Objectives The objective of this study is to identify clinicopathologic characteristics associated with non-sentinel lymph node (SLN) metastasis and non-vaginal recurrences in patients with SLN-positive endometrial cancer (EC).

Methods Consecutive patients with surgically staged EC and at least one positive SLN were included. SLNs were ultra-staged. Positive SLNs were reviewed and patients classified according to the size of the largest SLN metastasis.
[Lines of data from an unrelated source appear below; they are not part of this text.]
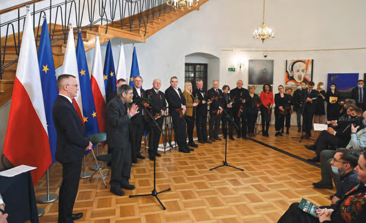
Uroczystość wręczenia medali i odznaczeń zasłużonym twórcom i ludziom kultury, Krasiczyn, 5 lutego 2022 r.

Pełnił funkcję redaktora m.in. gazety strajkowej „Trwamy”, miesięcznika „Z Dołu” czy wydawnictw „Busola” i „Strych Kulturalny”. Był też publicystą roczników „Dialog Dwoch Kultur” i „Studia Leopoliensia”.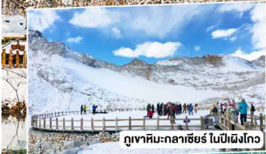
ภูเขาหิมะกลาซีร์ ในปีผิงโกว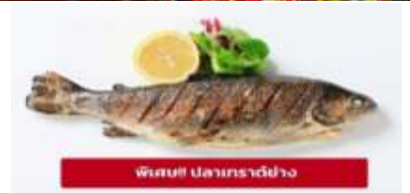
พืชมื้อ ปลาเทราต์ย่าง

ที่พัก : Gartenhotel Maria Theresia Hall หรือโรงแรมและเมืองระดับใกล้เคียงกัน (ชื่อโรงแรมที่ท่านพัก ทางบริษัทจะทำการแจ้งพร้อมใบนัดหมาย 5-7 วัน ก่อนวันเดินทาง)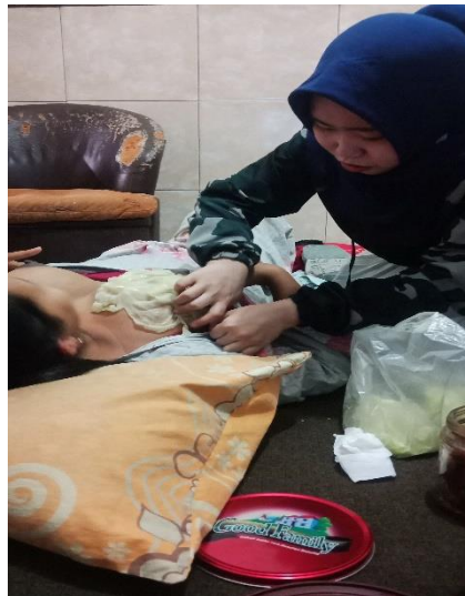
Hari ke-3 kompres daun kubis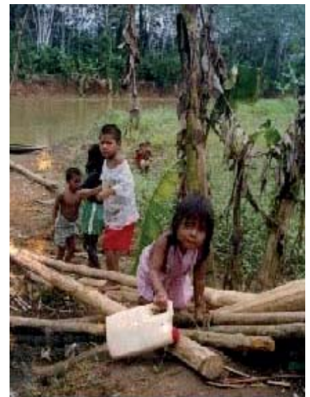
Arriba, viviendas en la zona de Darién. A la izquierda transporte en piragua por el río Tupiza y, sobre estas líneas, unos niños junto al citado río que pasa por varios poblados de Darién.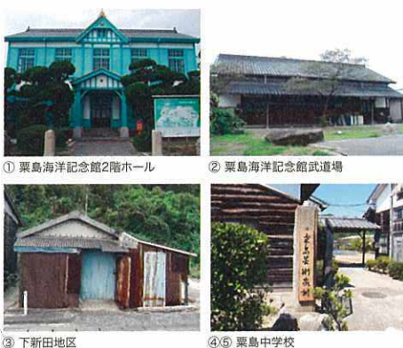
① 粟島海洋記念館2階ホール ② 粟島海洋記念館武道場 ③ 下新田地区 ④ 粟島中学校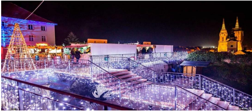
Slika 16. Jedan od punktova na Gornjem gradu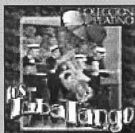
Los Tuba Tango Stilo Canyengue Music Hall- Sicamericana 1140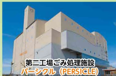
第二工場ごみ処理施設 パーシクル (PERSICLE)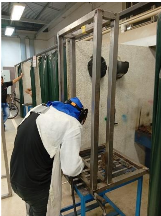
processo de soldagem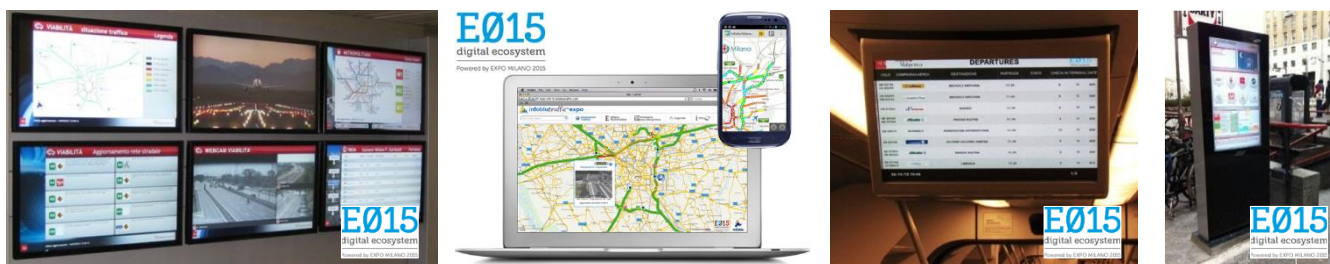
Immagini di alcune applicazioni E015 già disponibili realizzate dalle aziende che hanno partecipato alla prima fase di sperimentazione in ambito trasporti e infomobilità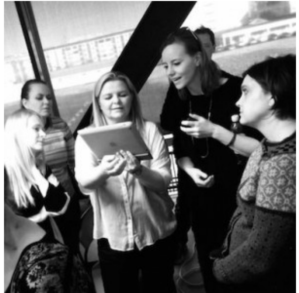
Áhugasamir þátttakendur í Útspili.

Á þriðjudag, 5. maí, mættu um 30 kennarar á tíunda og síðasta Útspilið sem haldið verður að sinni í tengslum við Samspil 2015 – átak Menntamiðju um notkun upplýsingatækni í námi og kennslu. Þar með hafa rúmlega 300 kennarar um allt land tekið þátt í Útspils námskeiði síðan átakið hófst í febrúar á þessu ári. En Útspilið er aðeins upphafið á árs löngu fræðsluátaki. Fræðslan færir nú að mestu yfir á netið þar sem þátttakendur munu nota samfélagsmiðla til að byggja sameiginlega upp öflugt og kvikt þekkingarsamfélag sem mun nýtast öllum kennurum landsins.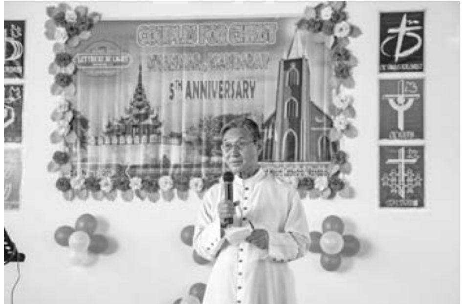
မူပေးသည်ဟုလည်းသိရှိရပါသည်။

CFC သည် မိသားစုများအားပိ ညာဉ်ရေးရာ၌ ရှင်သန်တိုးတက်ပြီး ဘာသာ တရား ကိုင်းရှိုင်းသော၊ ကိုယ်ကျင့်တရား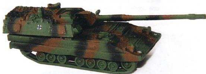
19,99 Panzerhaubitze 2000 - Art.-Nr. BW-11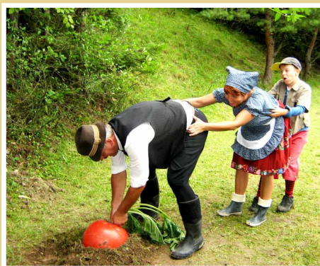
„Cesta rozprávkovým lesom“ zrealizovala obec Stožok v rámci projektu socialnej inklúzie

Results 103 patients (36 isolated tumor cells (ITC), 27 micrometastasis, 40 macrometastasis) were included. Multiple positive SLNs were observed in 38.8% of patients. Size of SLN metastasis (adjusted OR (aOR) 3.0 for macrometastasis vs ITC, 95%CI 1.1–8.1), and age (aOR 1.8 per 10-year increase, 95%CI 1.1–3.0) were independent predictors of multiple positive SLNs. Extracapsular compared to intracapsular invasion of the SLN metastasis was significantly associated with multiple positive SLNs at univariate analysis (71.4% vs. 33.7%, p=0.008). Forty-seven percent (18/38) of patients who underwent completion pelvic lymphadenectomy, had additional positive lymph nodes. This was associated with increased size of SLN metastasis (0/8, 5/10, and 13/20 in ITC, micro- and macrometastasis, respectively, p=0.004). SLN macrometastasis (adjusted HR (aHR) 3.4, 95%CI 1.1–11.0), non-endometrioid histology (aHR 5.7, 95%CI 1.9–17.3), and cervical stromal invasion (aHR 9.4, 95%CI 2.9–30.4) were independent predictors of non-vaginal recurrence (table 1).

Abstract O005/#190 Table 1

Conclusions Size and location of SLN metastasis can predict an increased risk of multiple positive SLNs, non-SLN positive nodes, and non-vaginal recurrence in SLN positive EC patients. These factors should be assessed when considering adjuvant treatment in these high-risk patients.